**Required action**
Set down exactly the lines in the records below that run from the line with "Kyrkoruinen från väster" to the line with "魚っぽい体に4つ足。だいたい", inclusive, and nothing more.

**Supplied material**
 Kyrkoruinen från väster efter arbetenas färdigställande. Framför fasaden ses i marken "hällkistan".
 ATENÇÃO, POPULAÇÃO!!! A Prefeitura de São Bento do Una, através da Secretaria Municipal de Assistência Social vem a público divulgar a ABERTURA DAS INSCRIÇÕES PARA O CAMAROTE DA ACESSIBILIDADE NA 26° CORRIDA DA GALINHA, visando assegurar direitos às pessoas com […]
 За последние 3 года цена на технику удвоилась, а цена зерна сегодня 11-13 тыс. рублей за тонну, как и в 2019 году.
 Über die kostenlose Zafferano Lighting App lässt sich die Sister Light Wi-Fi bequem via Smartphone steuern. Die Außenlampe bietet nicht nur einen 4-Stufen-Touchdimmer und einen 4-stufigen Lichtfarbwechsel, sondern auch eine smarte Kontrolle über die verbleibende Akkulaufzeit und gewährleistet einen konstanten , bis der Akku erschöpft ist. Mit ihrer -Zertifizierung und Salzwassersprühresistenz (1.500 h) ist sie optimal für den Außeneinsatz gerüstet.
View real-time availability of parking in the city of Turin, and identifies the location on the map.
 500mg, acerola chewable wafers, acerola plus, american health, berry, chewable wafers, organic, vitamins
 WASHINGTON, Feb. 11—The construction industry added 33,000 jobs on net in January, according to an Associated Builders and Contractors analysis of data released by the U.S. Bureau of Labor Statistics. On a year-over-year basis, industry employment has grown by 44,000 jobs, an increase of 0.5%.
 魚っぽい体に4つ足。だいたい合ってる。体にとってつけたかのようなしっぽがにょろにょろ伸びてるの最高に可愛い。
==
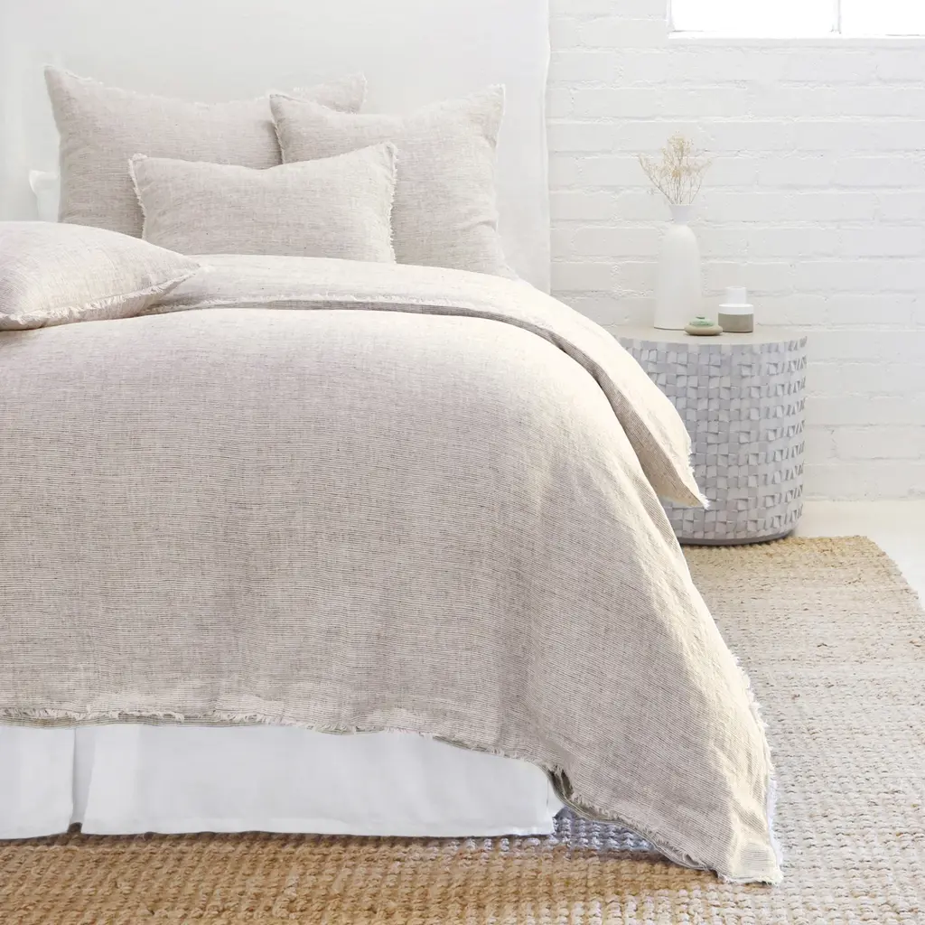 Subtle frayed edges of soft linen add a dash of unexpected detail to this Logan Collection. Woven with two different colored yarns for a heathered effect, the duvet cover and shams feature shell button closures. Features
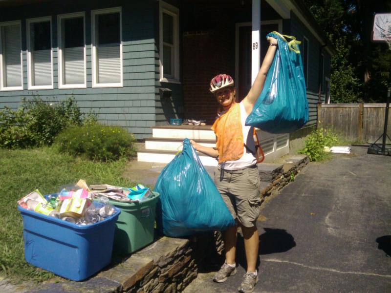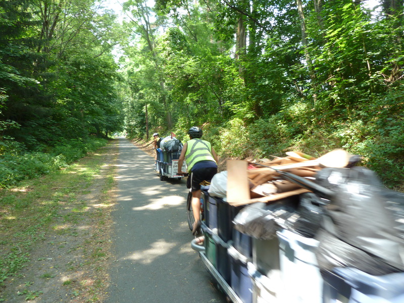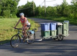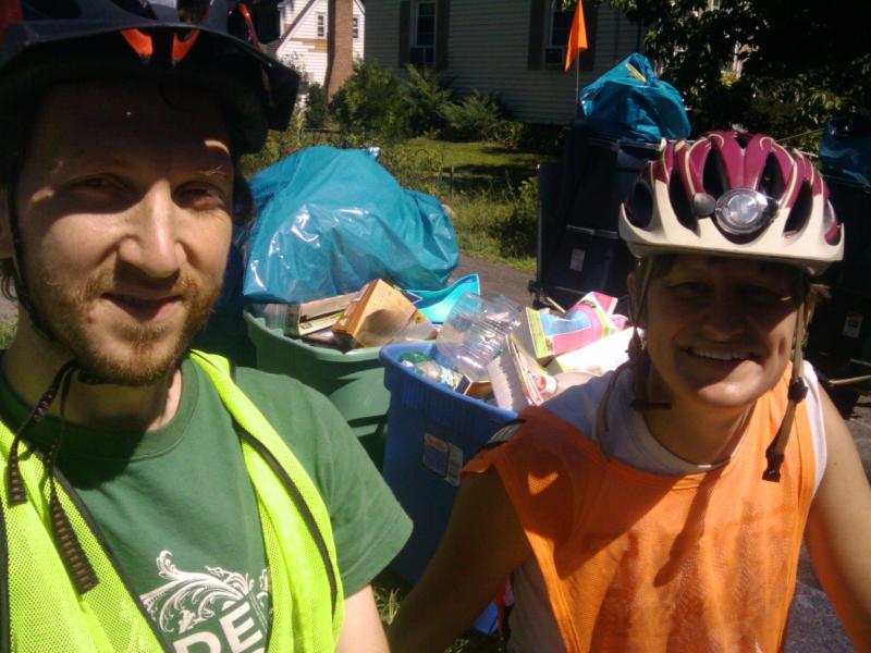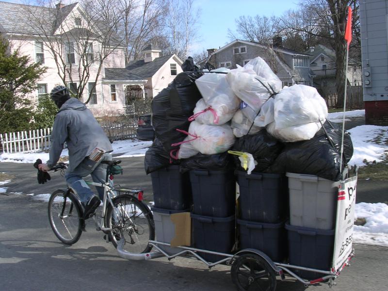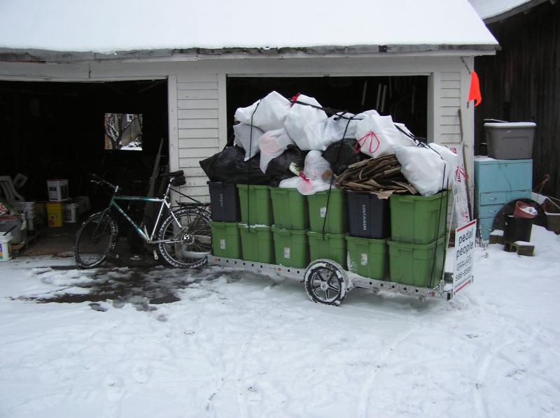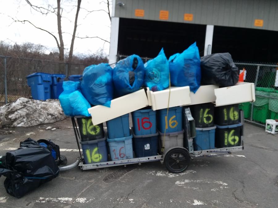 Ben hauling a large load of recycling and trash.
---
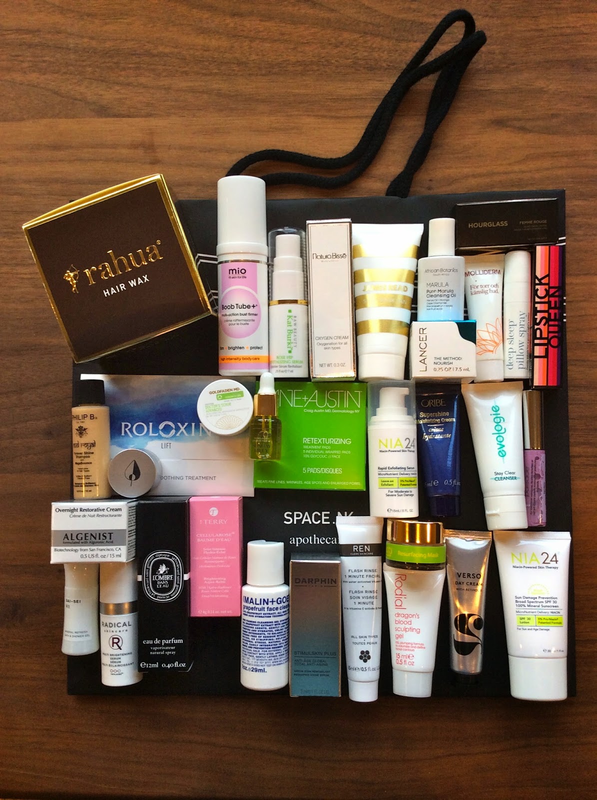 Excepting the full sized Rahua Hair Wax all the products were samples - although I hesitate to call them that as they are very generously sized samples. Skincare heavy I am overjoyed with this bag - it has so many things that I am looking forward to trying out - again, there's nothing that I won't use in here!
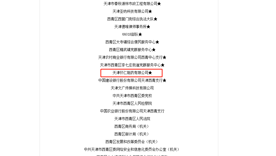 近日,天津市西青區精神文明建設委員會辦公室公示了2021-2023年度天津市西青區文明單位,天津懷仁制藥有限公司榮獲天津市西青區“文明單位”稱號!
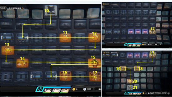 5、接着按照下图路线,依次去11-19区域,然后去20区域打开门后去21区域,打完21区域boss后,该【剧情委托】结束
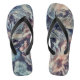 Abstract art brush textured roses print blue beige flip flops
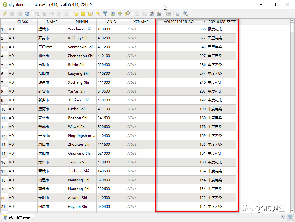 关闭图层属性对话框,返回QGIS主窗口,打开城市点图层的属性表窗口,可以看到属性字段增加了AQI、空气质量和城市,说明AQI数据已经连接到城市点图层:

**Answer below**
 Kyrkoruinen från väster efter arbetenas färdigställande. Framför fasaden ses i marken "hällkistan".
 ATENÇÃO, POPULAÇÃO!!! A Prefeitura de São Bento do Una, através da Secretaria Municipal de Assistência Social vem a público divulgar a ABERTURA DAS INSCRIÇÕES PARA O CAMAROTE DA ACESSIBILIDADE NA 26° CORRIDA DA GALINHA, visando assegurar direitos às pessoas com […]
 За последние 3 года цена на технику удвоилась, а цена зерна сегодня 11-13 тыс. рублей за тонну, как и в 2019 году.
 Über die kostenlose Zafferano Lighting App lässt sich die Sister Light Wi-Fi bequem via Smartphone steuern. Die Außenlampe bietet nicht nur einen 4-Stufen-Touchdimmer und einen 4-stufigen Lichtfarbwechsel, sondern auch eine smarte Kontrolle über die verbleibende Akkulaufzeit und gewährleistet einen konstanten , bis der Akku erschöpft ist. Mit ihrer -Zertifizierung und Salzwassersprühresistenz (1.500 h) ist sie optimal für den Außeneinsatz gerüstet.
View real-time availability of parking in the city of Turin, and identifies the location on the map.
 500mg, acerola chewable wafers, acerola plus, american health, berry, chewable wafers, organic, vitamins
 WASHINGTON, Feb. 11—The construction industry added 33,000 jobs on net in January, according to an Associated Builders and Contractors analysis of data released by the U.S. Bureau of Labor Statistics. On a year-over-year basis, industry employment has grown by 44,000 jobs, an increase of 0.5%.
 魚っぽい体に4つ足。だいたい合ってる。体にとってつけたかのようなしっぽがにょろにょろ伸びてるの最高に可愛い。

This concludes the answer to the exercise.